# Exercise aim:
Once you reach the line with "Huilende vrouw bij een bed" below, copy each line exactly, stopping after the line with "Центр по внешней", and skip any pictures.

# Data to process:
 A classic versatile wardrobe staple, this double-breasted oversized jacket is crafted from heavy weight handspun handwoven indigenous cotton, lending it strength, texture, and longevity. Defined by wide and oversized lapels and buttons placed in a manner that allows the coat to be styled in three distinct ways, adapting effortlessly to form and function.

* * *

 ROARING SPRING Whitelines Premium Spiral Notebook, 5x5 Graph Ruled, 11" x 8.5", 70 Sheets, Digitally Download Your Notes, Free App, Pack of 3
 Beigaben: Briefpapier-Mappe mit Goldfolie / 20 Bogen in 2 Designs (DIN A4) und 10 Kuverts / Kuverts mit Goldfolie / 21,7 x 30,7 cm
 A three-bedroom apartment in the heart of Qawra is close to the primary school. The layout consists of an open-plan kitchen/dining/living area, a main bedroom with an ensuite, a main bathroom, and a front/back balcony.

* * *

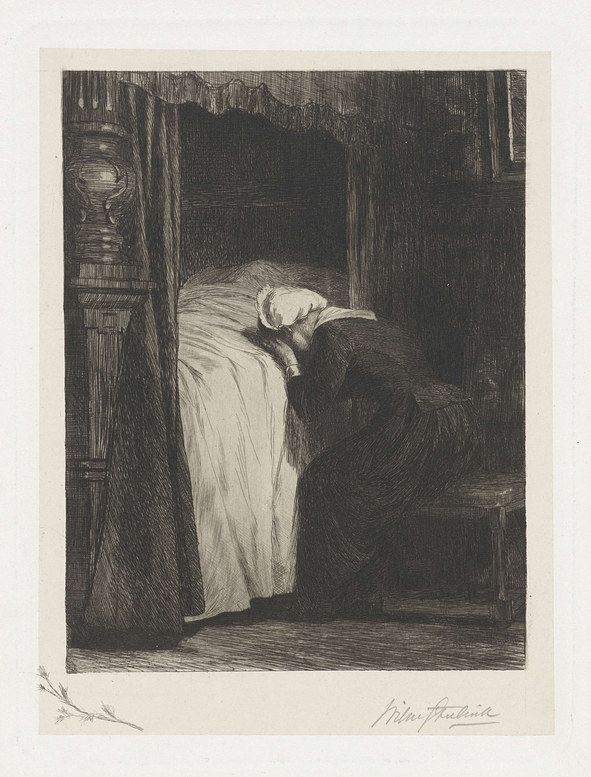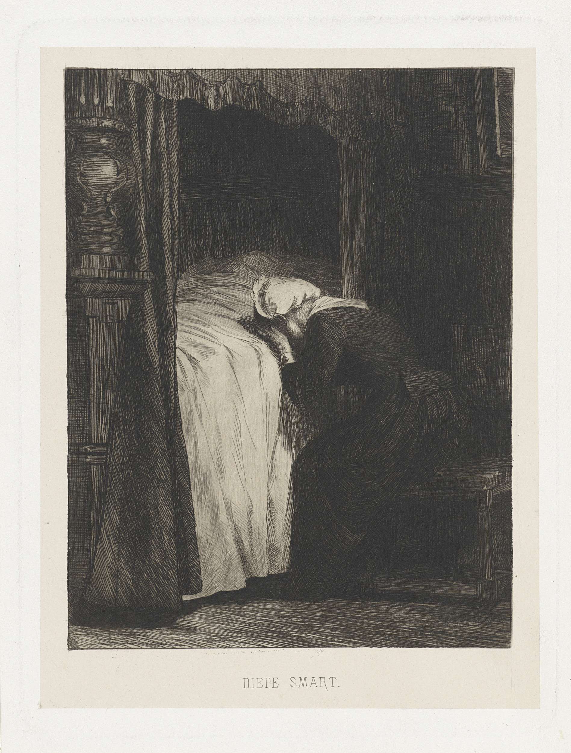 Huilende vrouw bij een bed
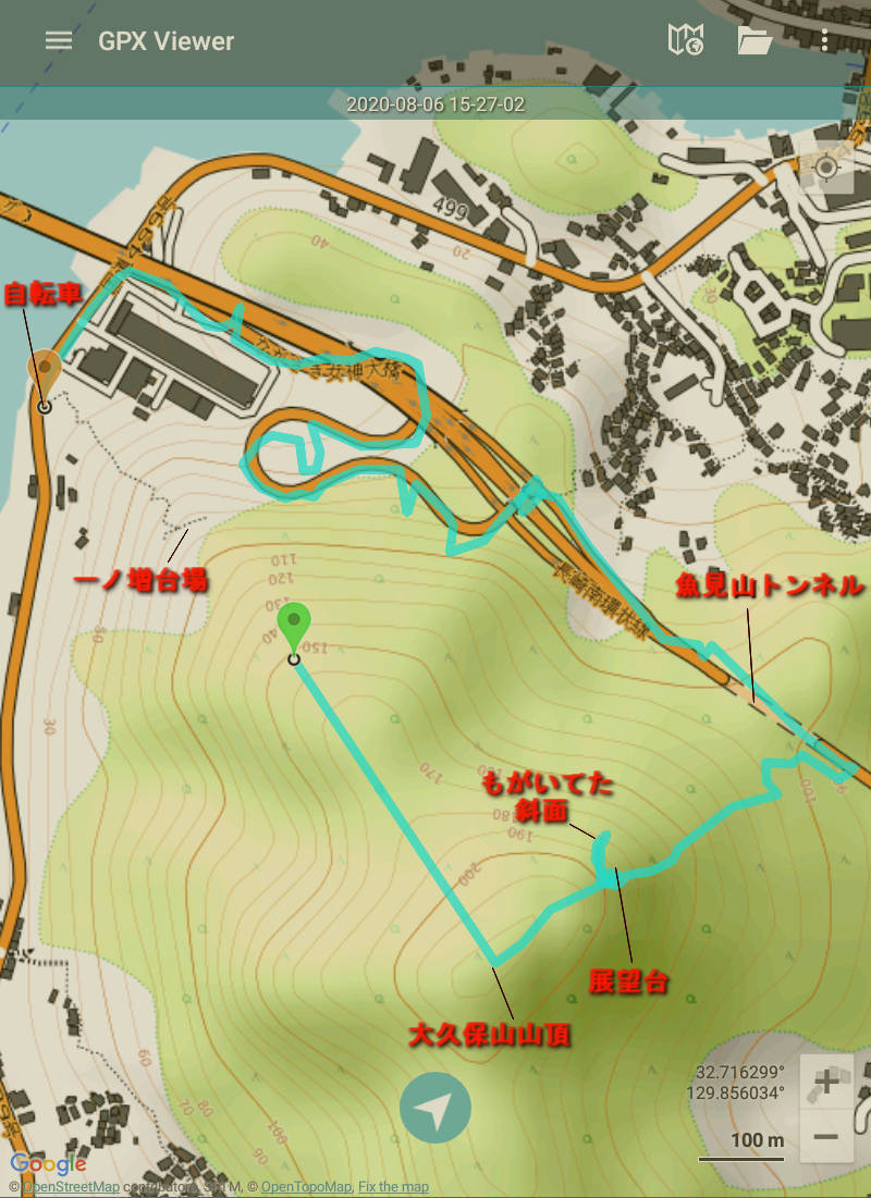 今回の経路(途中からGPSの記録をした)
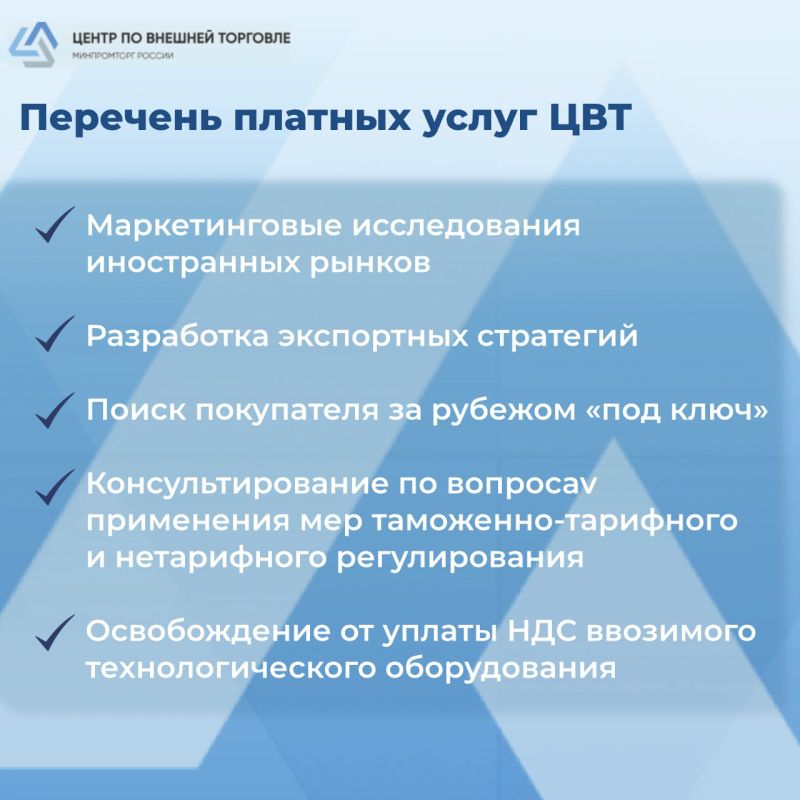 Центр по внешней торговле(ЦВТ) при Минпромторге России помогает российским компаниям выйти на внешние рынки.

# Finished task:
 Huilende vrouw bij een bed
 今回の経路(途中からGPSの記録をした)
 Центр по внешней торговле(ЦВТ) при Минпромторге России помогает российским компаниям выйти на внешние рынки.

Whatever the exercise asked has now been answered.